Quelles sont les peines applicables en cas de commission d’une contravention ?


Paragraphe II) Les peines contraventionnelles

L’article 131-40 du nouveau code pénal prévoit que “les peines


contraventionnelles encourues par les personnes morales sont :
« 1° L’amende ;
« 2° Les peines privatives ou restrictives de droit prévues à l’article 131-42.
« 3° La peine de sanction-réparation prévue par l’article 131-44-1.
« Ces peines ne sont pas exclusives d’une ou plusieurs des peines complémentaires
prévues à l’article 131-43 ».

A) L’amende

L’amende est la peine principale unique en matière contraventionnelle applicable aux


personnes morales. Mais selon l’article 131-43, le règlement peut prévoir à titre de
peine complémentaire la confiscation de la chose qui a servi à commettre l’infraction,
la confiscation de l’animal et l’interdiction pour une durée de trois ans au plus de
détenir un animal.

Comme pour les peines criminelles et correctionnelles, le taux de l’amende, selon


l’article 131-41, peut aller jusqu’au quintuple de celui prévu pour les personnes
physiques pour la même contravention. Il peut donc atteindre la somme de 7.500 €,
voire 15.000 € en cas de récidive, lorsque le règlement prévoit la possibilité de
retenir la récidive.
Quelles sont les privations et restrictions de droits pouvant être prononcées en
matière contraventionnelle ?

B) Les privations et restrictions de droits

Les privations et restrictions de droit envisagées à l’article 131-42 du nouveau Code


pénal sont les suivantes :
- L’interdiction, pour une durée d’un an au plus, d’émettre des chèques autres que
ceux qui permettent le retrait de fonds par le tireur auprès du tiré ou ceux qui sont
certifiés ou d’utiliser des cartes de paiement.
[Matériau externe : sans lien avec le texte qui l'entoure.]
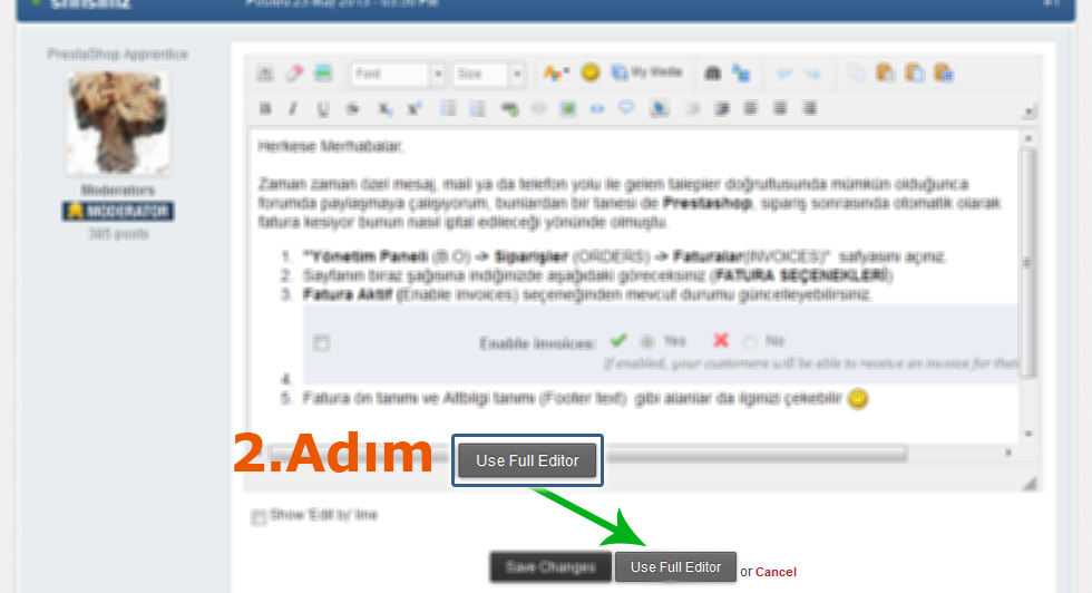 SahinSOLMAZ Posted June 7, 2016 Author Share Posted June 7, 2016 Merhaba; Ben prestashop_1.6.0.7 yi kurdum sitemdeki bizi arayın kısmını ve dükkan bilgisi alanlarını düzeltmek istiyorum. Yüklediğiniz resimler silinmiş. Ftp dosyaları üzerinden nasıl düzelte bilirim yardımcı olursanız sevinirim. Bir çok konuyu okudum denedim bir türlü başarı elde edemedim. Admin paneli üzerinden modüllerden değiştiğimde admin paneli sayfa görüntülenmiyor hatası veriyor Merhabalar, Öncelikle bu konu, forumda açılan konu başlığını nasıl düzenleyeceğinizi açıklıyor. Yaşadığınız soruna gelince, bu alanları ftp üzerinden yapmak hem uğraştırıcı hem de dinamik yapıya pek uygun bir hareket olmayacaktır. Bundan ziyade modüllerden değiştirdiğinizde "Sayfa görüntülenemiyor" hatası alıyorsanız farklı ve önemli bir sorun var demektir. Ne yapabilirim? Sistemi güncelleyebilirsiniz, 1.6.0.7 versiyonuna ait modüller klasörünü ftp 'den yeniden yükleyebilirsiniz, Hata gösterim modunu açıp, modüller sayfasından tekrar değişiklik yapabilirsiniz ve karşılacağınız hatayı burada bizimle paylaşabilirsiniz. Son olarak bu yaşadığınız problem bu konuyla ilgili olmadığı için lütfen yeni bir konu açarak devam ediniz. Başarılar. Link to comment Share on other sites More sharing options...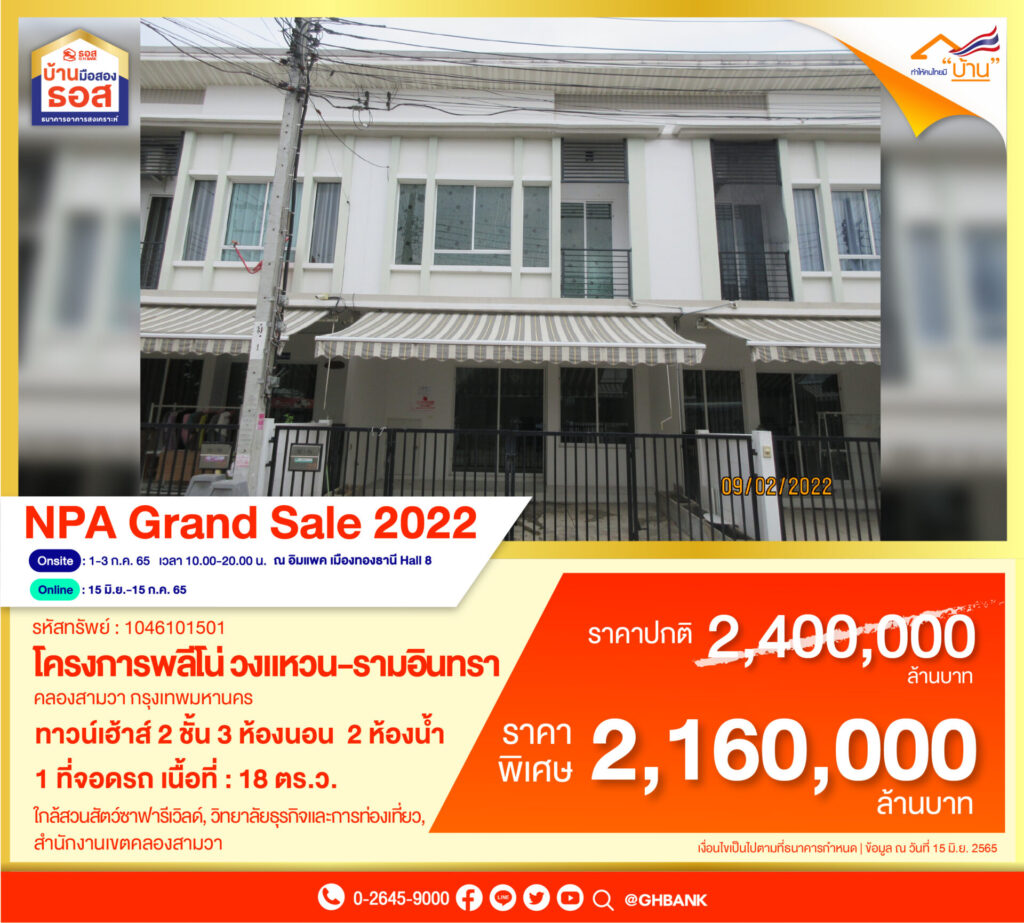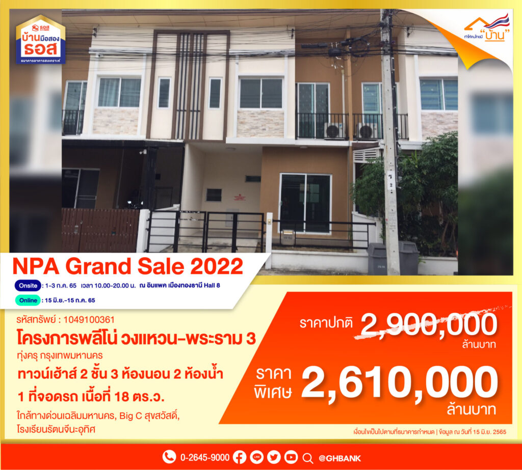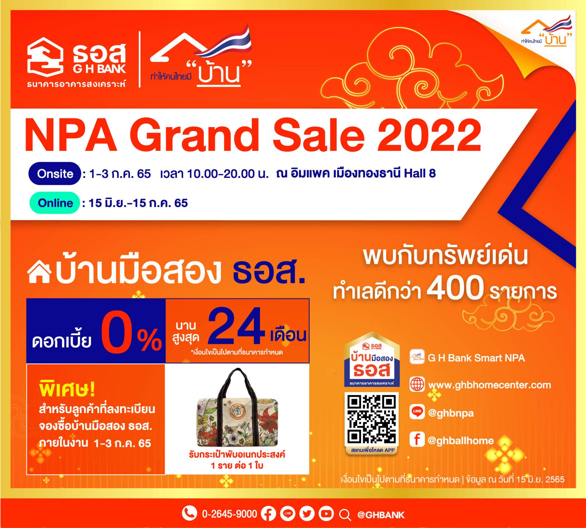 กรุงเทพฯ 30 มิ.ย. – ธอส. มหกรรมสินเชื่อบ้านและบ้านมือสองซึ่งจะพบกับบ้านมือสองของ ธอส. กว่า 400 รายการ ที่งาน NPA Grand Sale 2022 ลดราคาสูงสุดถึง 40% ราคาเริ่มต้นต่ำสุดแค่ 1 แสนบาท
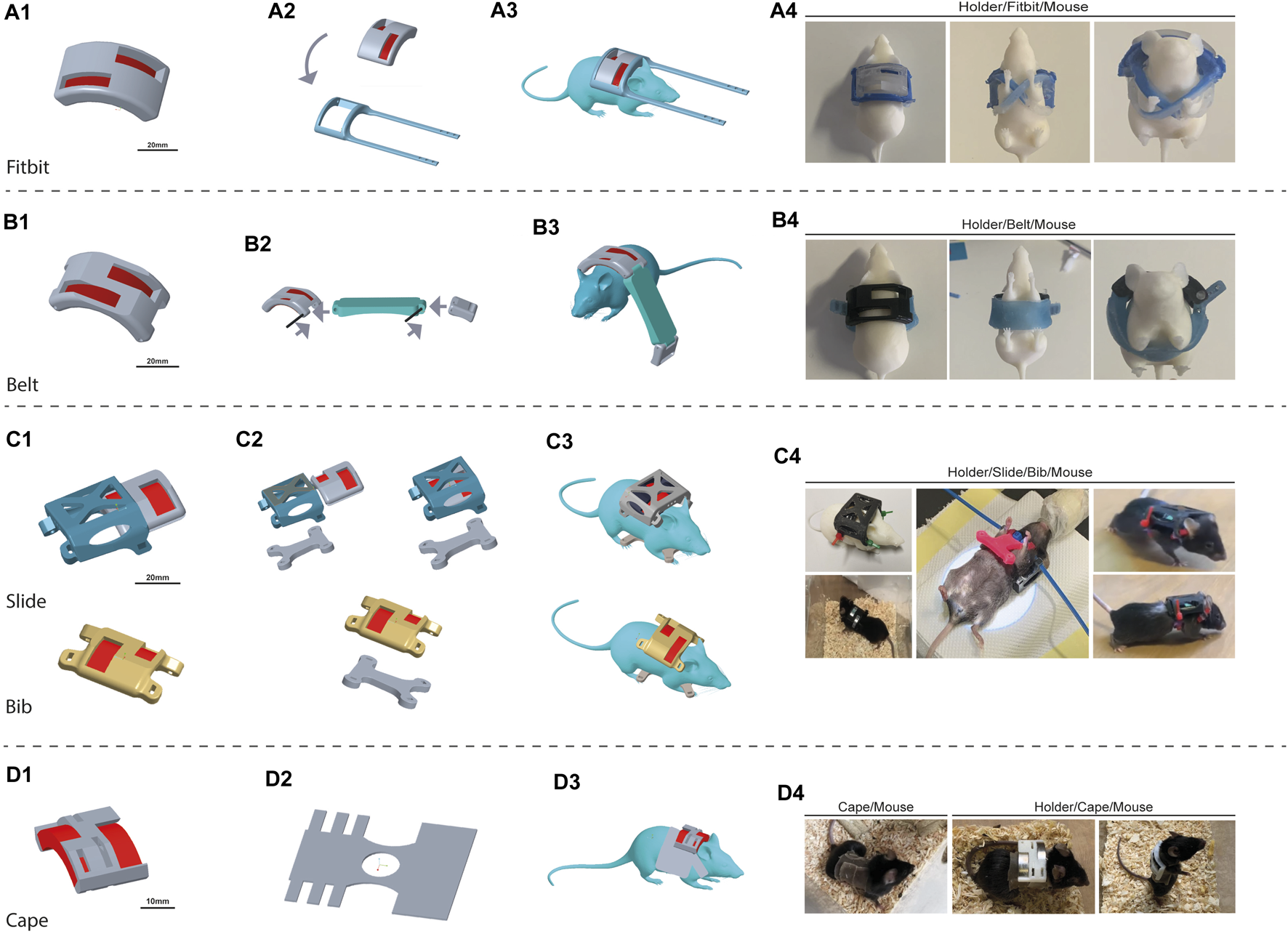 Design iterations. The device is composed of the 3D-printed magnet holder (MH) and the wearable structures, generated in silicone. We faced challenges in each step, and thus, we proposed different solutions to overcome the issues gradually encountered. The proposed configuration includes different approaches: “Fitbit” (A), “Belt” (B), “Bib” (C), and ultimately “Cape” (D). The “Bib” presented two variations: “Slide Bib” and “Simple Bib”. For each design is shown the 3D render image of the project of the magnet holder (1), of the complete wearable structure with the silicone component (2), and of the mice wearing the device. Four pictures show the real and produced devices. For “Fibit” and “Belt,” a 3D printed mouse was dressed to give an example of the wearability. No pictures are available on real mice because, after dressing, they almost immediately did not keep the device on. For the “Slide”, “Bib” and “Cape”, a picture of the wearability on real mice is shown.

- La confiscation de la chose qui a servi ou était destinée à commettre l’infraction ou


de la chose qui en est le produit.

- Il faut cependant noter la disposition suivante de l’article 131-42 selon laquelle :


“Pour toutes les contraventions de la cinquième classe, la peine d’amende peut être
remplacée par une ou plusieurs des peines privatives ou restrictives de droits”
énoncées ci- dessus. C’est donc la faculté de remplacement qui est laissée ainsi à
l’appréciation des juges.

Dernière peine applicable en matière contraventionnelle : la sanction- réparation.

C) La sanction-réparation

Selon l’article 131-44-1 NCP, « pour les contraventions de la cinquième classe, la


juridiction peut prononcer à la place ou en même temps que l'amende encourue par
la personne morale la peine de sanction-réparation selon les modalités prévues par
l’article 131-8-1.
Dans ce cas, la juridiction fixe le montant maximum de l'amende, qui ne peut
excéder 7 500 Euros, dont le juge de l'application des peines pourra ordonner la mise
à exécution en tout ou partie dans les conditions prévues par l’article 712-6 du code
de procédure pénale si le condamné ne respecte pas l'obligation de réparation ».